====== Study material ======

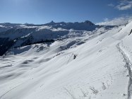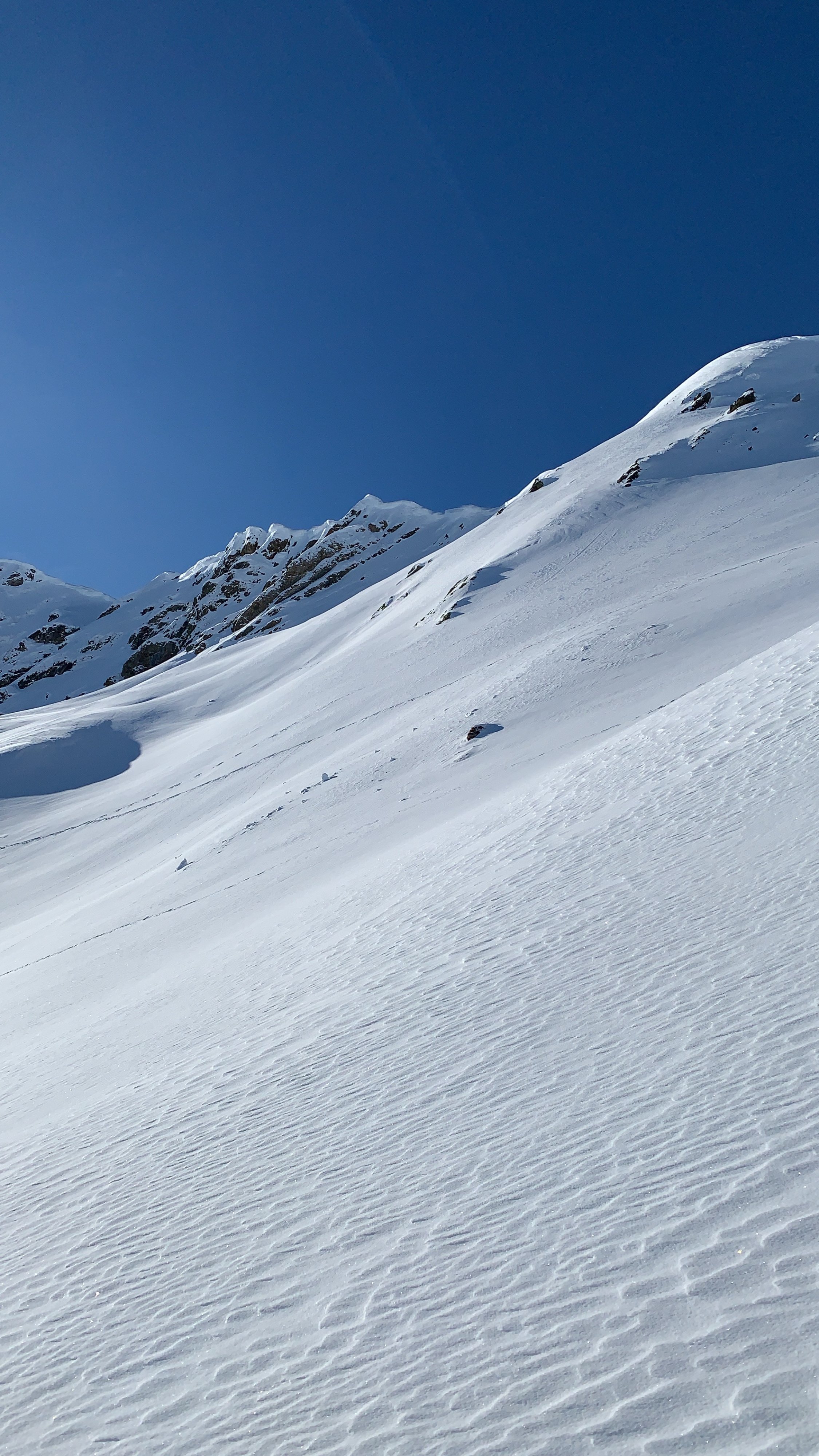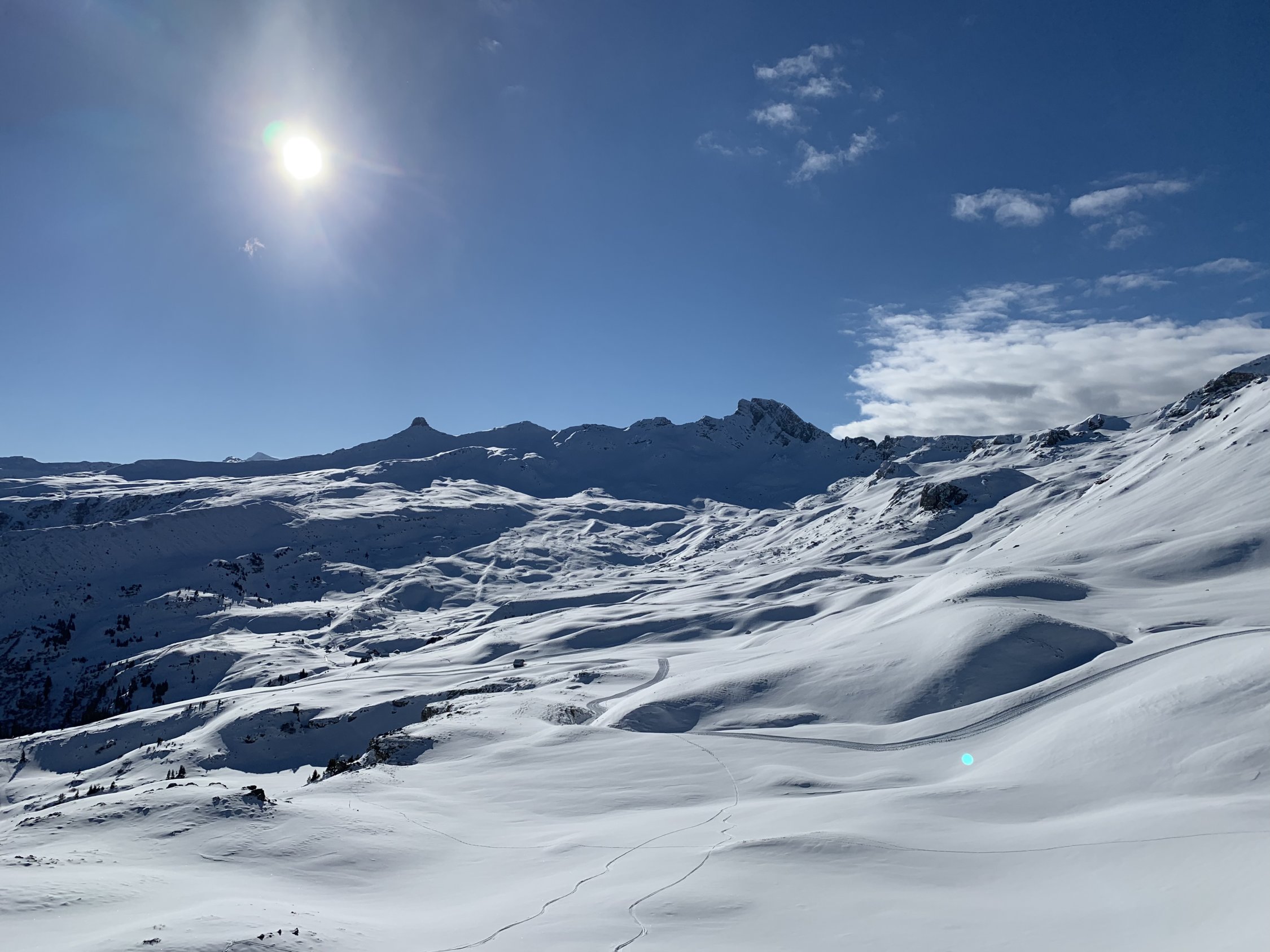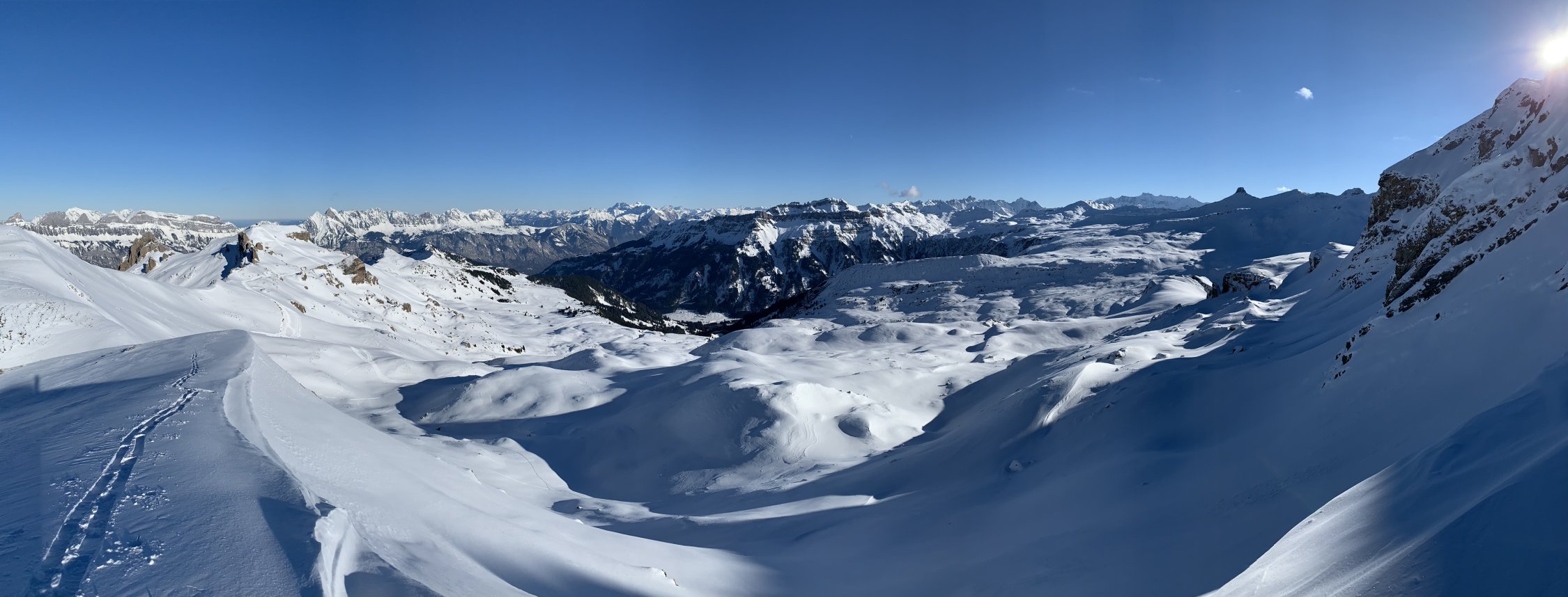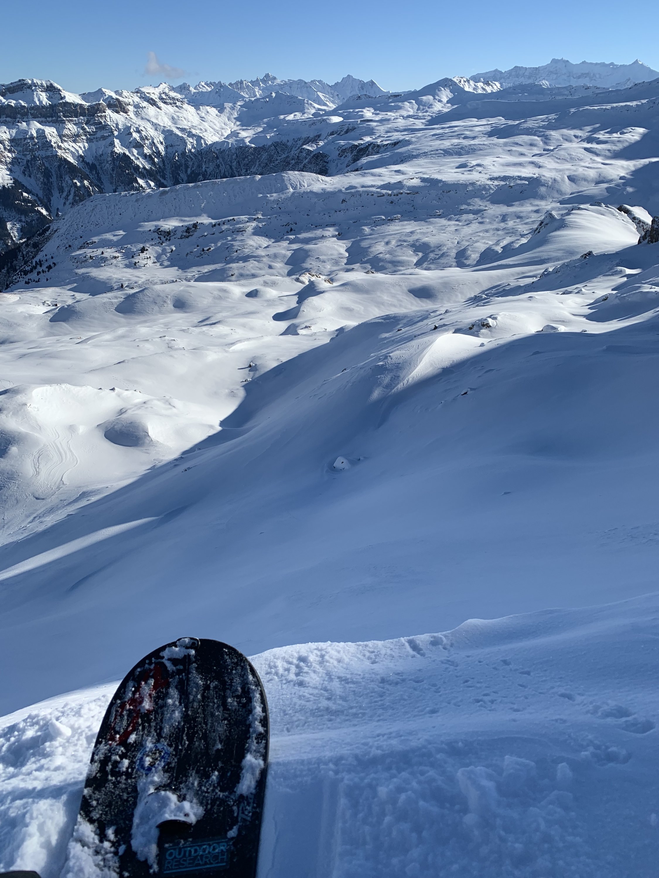 Kalt aber kaum Wind. Pulverschnee mit wenig Unterlage. Zum Teil Bruchharst auf den Kuppeln. Allgemein gute Verhältnisse. Abfahrt geht sehr gut bis Tannenbodenalp
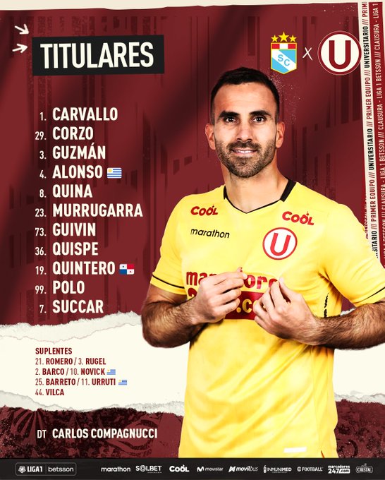 • Universitario: José Carvallo; Aldo Corzo, Piero Guzmán, Federico Alonso, Nelinho Quina; Jorge Murrugarra, Piero Quispe, Alberto Quintero, Andy Polo, Hernán Novick; Alexander Succar.
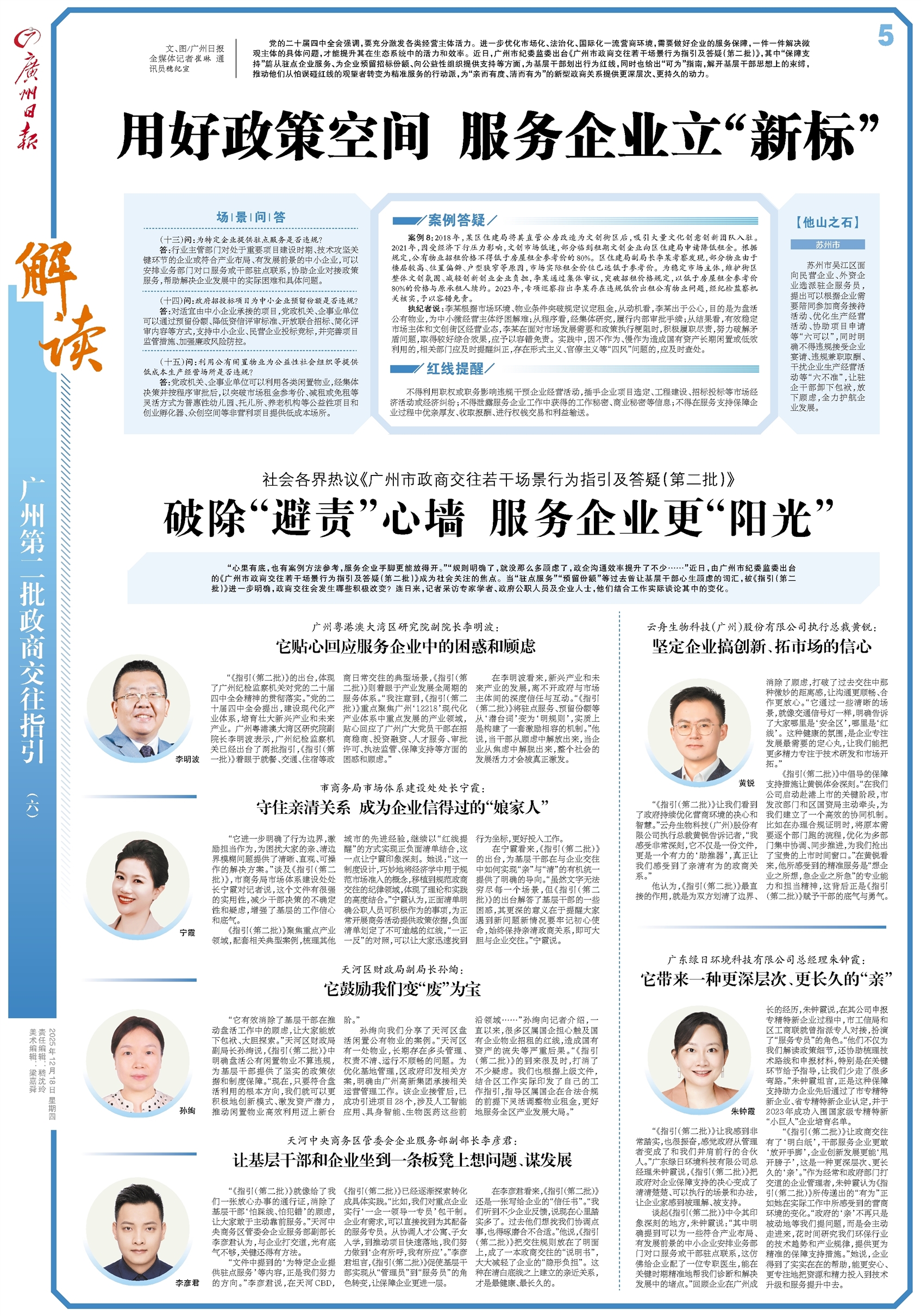 - 破除“避责”心墙 服务企业更“阳光” “心里有底,也有案例方法参考,服务企业手脚更能放得开。”“规则明确了,就没那么多顾虑了,政企沟通效率提升了不少……”近日,由广州市纪委监委出台的《广州市政商交往若干场景行为指引及答疑(第二批)》
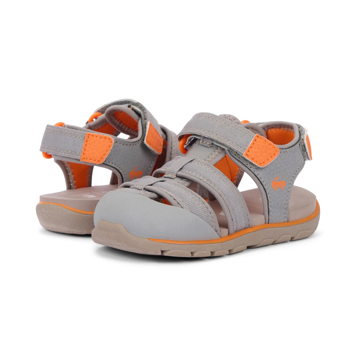 - Cloud gray PU nubuck, polyester webbing, and binding upper and rubberized toe cap to protect little toes.
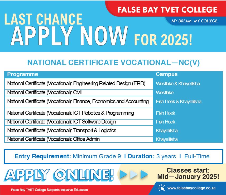 Are you ready to kickstart your future? False Bay TVET College offers National Certificate Vocational (NCV) programs that will set you on the path to success!
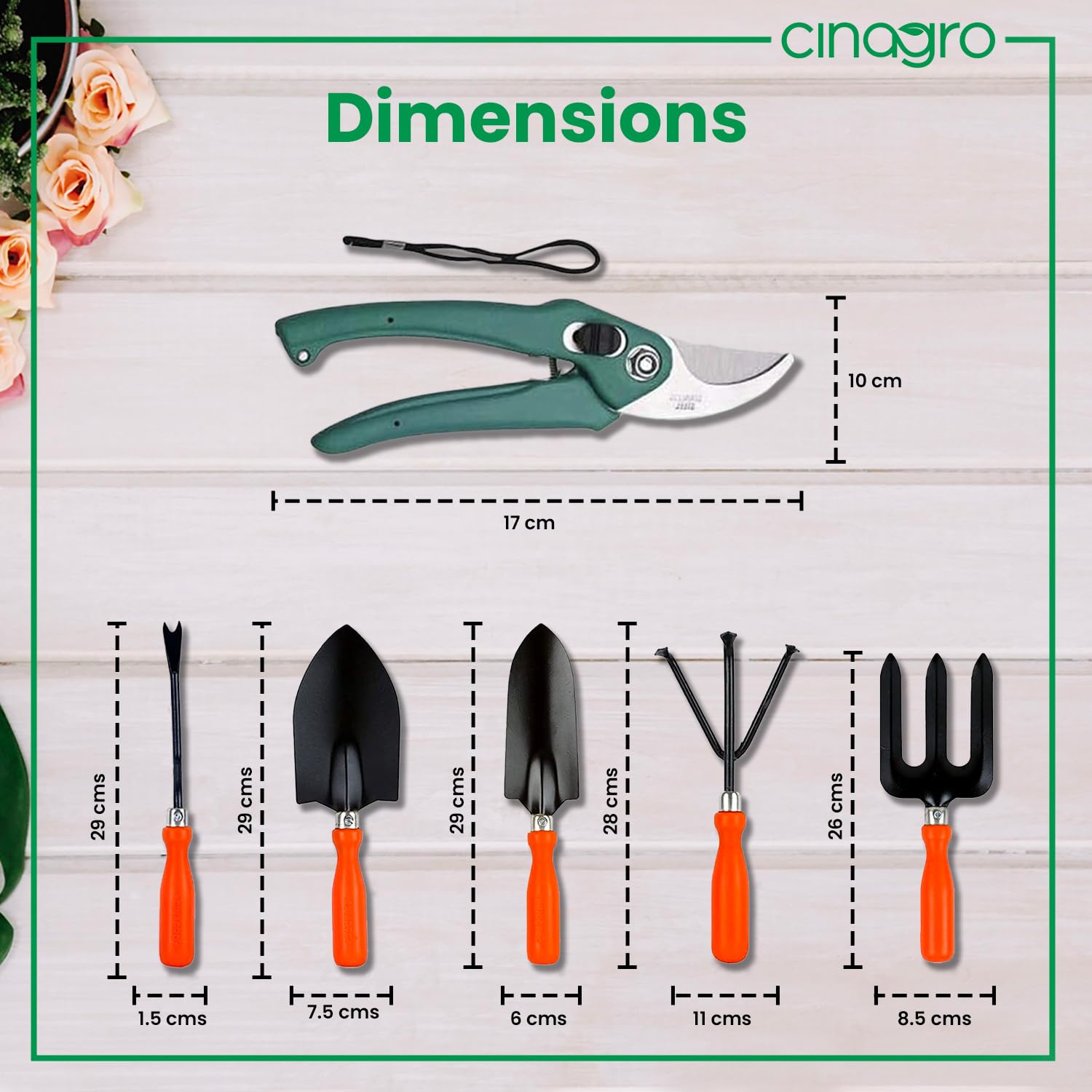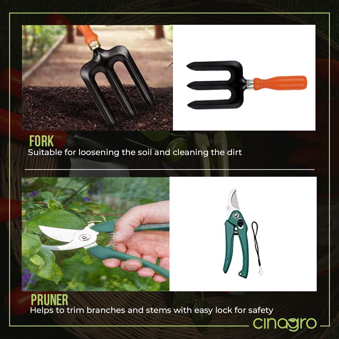 Cinagro Garden Tools Kit (Set of 6) Weeder, 2 Trowels, Hand Fork, Cultivator, Pruner | Gardening Tools Kit for Home Garden, Indoor and Outdoor Gardening for Plants and Soil

======

Exercise objective
Give back every entry in full, exactly as written, with no picture included.

Expected answer
 Kalt aber kaum Wind. Pulverschnee mit wenig Unterlage. Zum Teil Bruchharst auf den Kuppeln. Allgemein gute Verhältnisse. Abfahrt geht sehr gut bis Tannenbodenalp
 • Universitario: José Carvallo; Aldo Corzo, Piero Guzmán, Federico Alonso, Nelinho Quina; Jorge Murrugarra, Piero Quispe, Alberto Quintero, Andy Polo, Hernán Novick; Alexander Succar.
 - 破除“避责”心墙 服务企业更“阳光” “心里有底,也有案例方法参考,服务企业手脚更能放得开。”“规则明确了,就没那么多顾虑了,政企沟通效率提升了不少……”近日,由广州市纪委监委出台的《广州市政商交往若干场景行为指引及答疑(第二批)》
 - Cloud gray PU nubuck, polyester webbing, and binding upper and rubberized toe cap to protect little toes.
 Are you ready to kickstart your future? False Bay TVET College offers National Certificate Vocational (NCV) programs that will set you on the path to success!
 Cinagro Garden Tools Kit (Set of 6) Weeder, 2 Trowels, Hand Fork, Cultivator, Pruner | Gardening Tools Kit for Home Garden, Indoor and Outdoor Gardening for Plants and Soil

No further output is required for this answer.